(TASK STATEMENT) When you retype the data, keep every word exactly and include none of the pictures.
═════ DATA
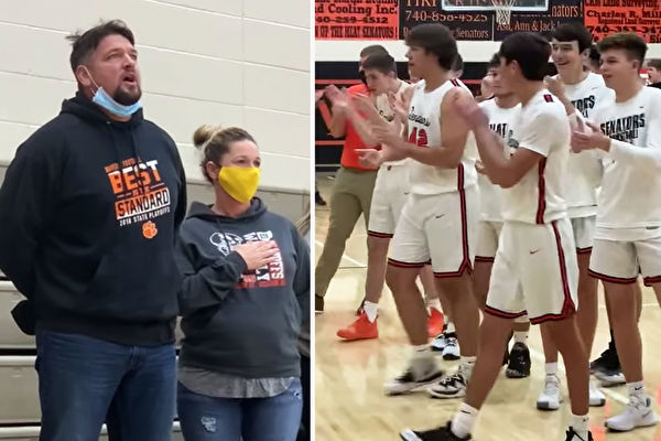 本月初,美国一所高中举办篮球比赛,现场的音响系统突然出现故障,来自俄亥俄州的一位父亲自发地高声唱起国歌,在场的很多人激动地流下眼泪。
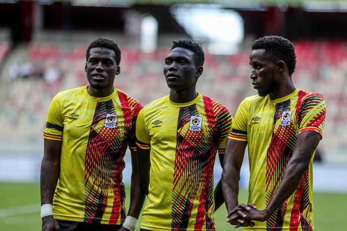 Fahad Bayo (left), Mato Rogers (middle) and Halid Lwaliwa (right) during the Algeria game in Cameroon. (FUFA Media).
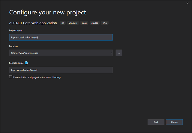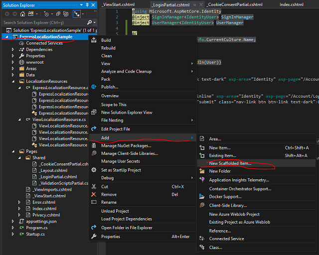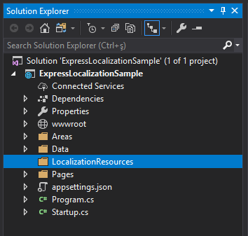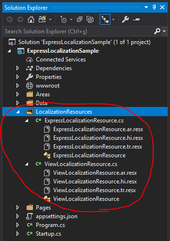 namespace ExpressLocalizationSample.LocalizationResources { public class ExpressLocalizationResource { } } We will use these two classes to pass resource type to the express localization method.
══════════
(RESPONSE FOR THIS EXERCISE)
 本月初,美国一所高中举办篮球比赛,现场的音响系统突然出现故障,来自俄亥俄州的一位父亲自发地高声唱起国歌,在场的很多人激动地流下眼泪。
 Fahad Bayo (left), Mato Rogers (middle) and Halid Lwaliwa (right) during the Algeria game in Cameroon. (FUFA Media).
 namespace ExpressLocalizationSample.LocalizationResources { public class ExpressLocalizationResource { } } We will use these two classes to pass resource type to the express localization method.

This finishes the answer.